WES and WGS not only give a great opportunity to acquire genomic contributions to disease, but also have the potential to find genetic information that may not relate to the patient’s presenting morbidities, including variants associated with other health problems, which may or may not be medically actionable and incidental [66]. The use of WES, WGS, or any type of sequencing is considered as a legal and ethical issues related to data security as well as to how and when to make share findings with the patient or family, and of data security, so these areas need to be approached [67]. WES and WGS identify Incidental findings in 0.5%–3.5% of individuals tested although this will improve as our understanding of genetic causes of disease advances [68,69]. Due to the difficulties in analyzing and interpreting the large amounts of raw data, the widespread application of WES or WGS is not straightforward [70].

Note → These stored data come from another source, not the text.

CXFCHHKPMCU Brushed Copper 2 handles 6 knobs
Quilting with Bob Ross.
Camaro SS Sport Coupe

Diagnosis yields defined as the assured association of a genotype with the clinical phenotype range from 20% to 60% according to multiple factors, including specificity of the clinical manifestation, genetic heterogeneity of the disorder, patient enrollment, evidence of de novo incident of causal variants, and date of publication (Table 1) [71,72]. Approaches to finding novel disease-causing genes have profitably applied de novo trio analysis to compare the proband’s genome with the parental genomes with diagnostic yields of 15% to 40% and an additional 10% to 20% utilizing homozygosity mapping or biallelic variant analysis approach [38,48,73,74]. Cost-effective, trio-based exome sequencing has aided in determining de novo alterations in DD/ID incidence. Family-based sequencing analysis is important for identifying pathologic genes for Mendelian disorders and rare associated variants [75]. In a recent report, exome reanalysis 12 months after the primary interpretation showed additional diagnoses, making it a cost-saving diagnostic approach [76]. With rapid increases in the amount of available genetic information, systemic and retrospective reanalysis of raw genomic data will result in better diagnostic yields [77].

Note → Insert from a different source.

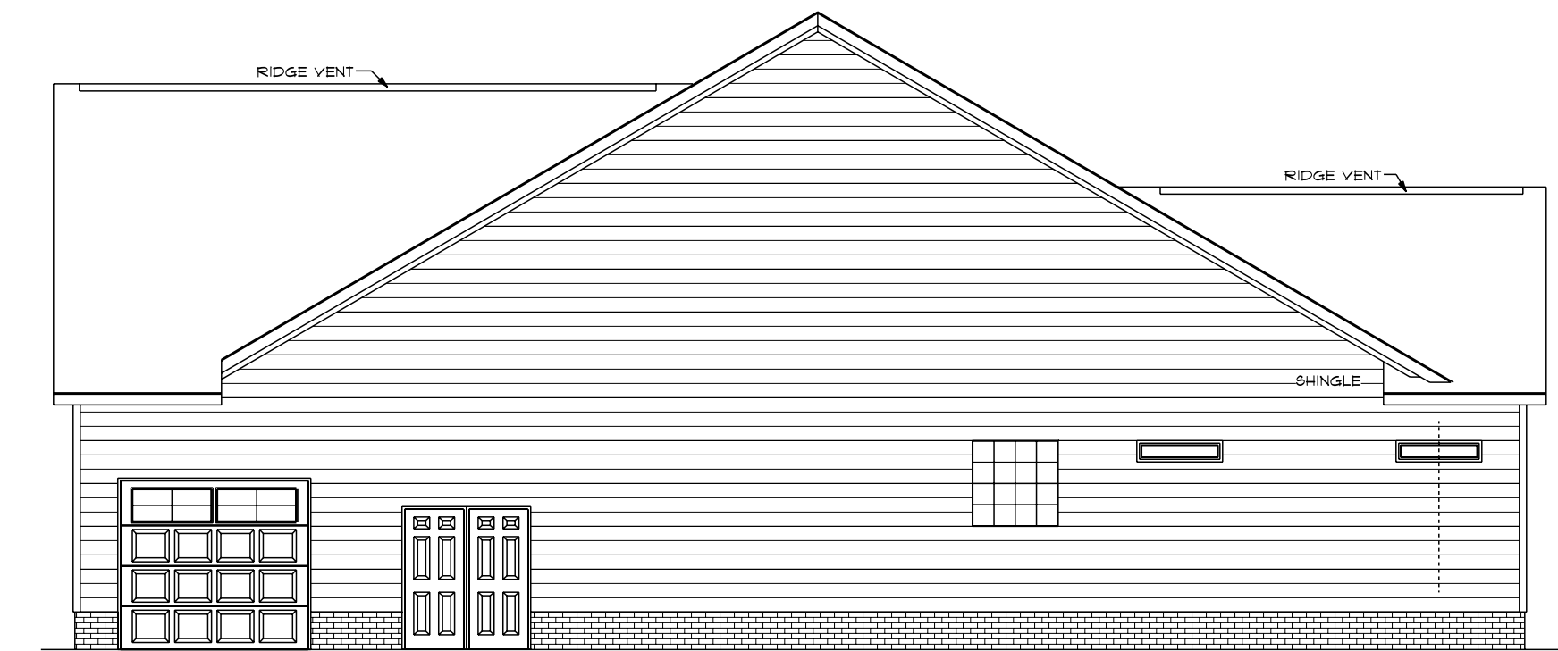
RIGHT ELEVATION SCALE: 1/8" = 1'0"

NGS offers expanded the diagnostic options in children with undiagnosed DD/ID as well as investigation into the pathogenesis of these disorders. Genetic diagnosis plays an important role by assisting patients and families with (1) preventing of inappropriate managements and additional invasive tests such as muscle biopsy, (2) family genetic counseling, and (3) proper therapy and information pertaining to disease and prognosis. Patient sequencing will become routine in clinical settings in developed countries, specifically as sequencing throughout will further make increment at reduced cost [78]. Decreasing in the cost of NGS will bring on widespread use of family-based trio testing by WES/WGS as second-tier test for DD/ID, leading to a higher diagnostic yield [79,80]. Further studies (including ethical, clinical utility, and cost-benefit analysis) are necessary before the routine application of NGS in clinical praxis.

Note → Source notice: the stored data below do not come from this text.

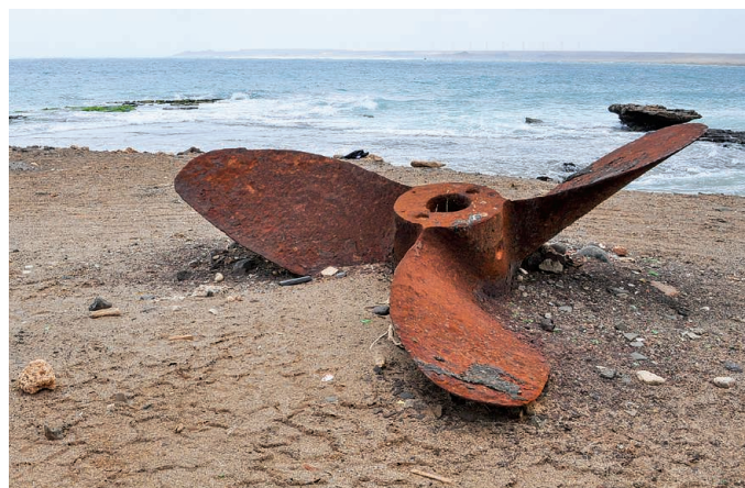
Chloride ions attack passive films on metal surfaces and cause corrosion.

Proc. Natl. Acad. Sci. U.S.A. 115 , 7735 (2018).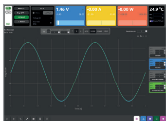
Embedded Web-Server with AWG and OSCILLOSCOPE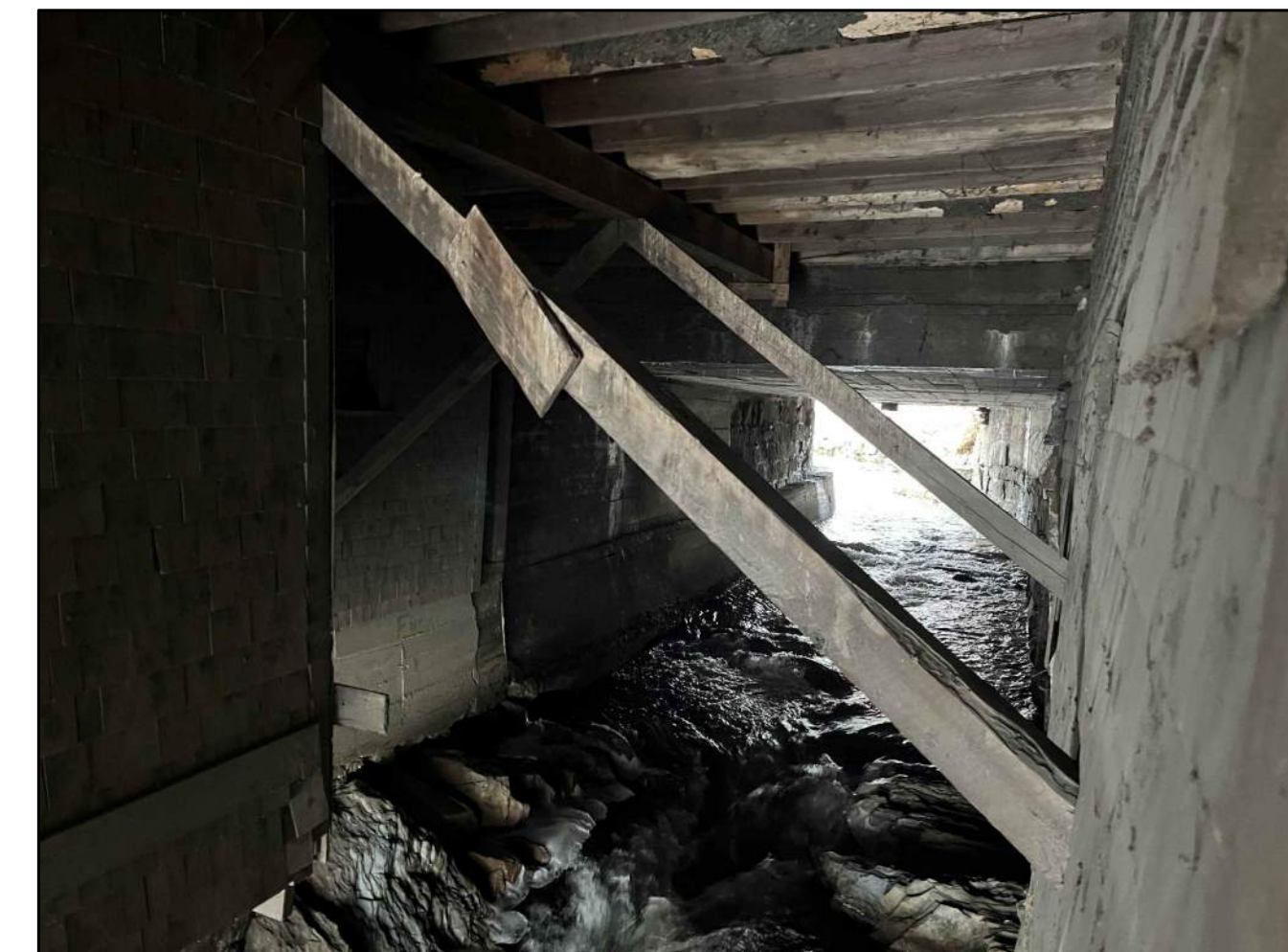
PHOTO 4 DOWNSTREAM LOOKING UPSTREAM

Not notably, since 2001 NGS had identified a large number of genetic etiologies. From 2007 to 2013, the diagnosis of Online Mendelian Inheritance of Man introduced new Mendelian disorders that expanded database by 87%, with many them associated with pediatric neurologic diseases [81,82], and new discovery still in progress day by day. Collaboration among pediatric neurologists and laboratory geneticists is recommended in the planning, implementation, and development of genetic testing. With the wide application of NGS, we also should know that NGS is not “all-powerful.” NGS is not suitable for screening for nucleotide repeat expansion disease or detecting large deletions or duplications. A persistent progression of diagnostic genomic testing by NGS is anticipated within the years to come. Comprehensive mapping of the whole genome in conjunction with further studies investigating their functional elements, will be important in the future to comprehend the function of noncoding DNA regions in DD/ID. International collaboration will become increasingly important in genetic researches on children with DD/ID.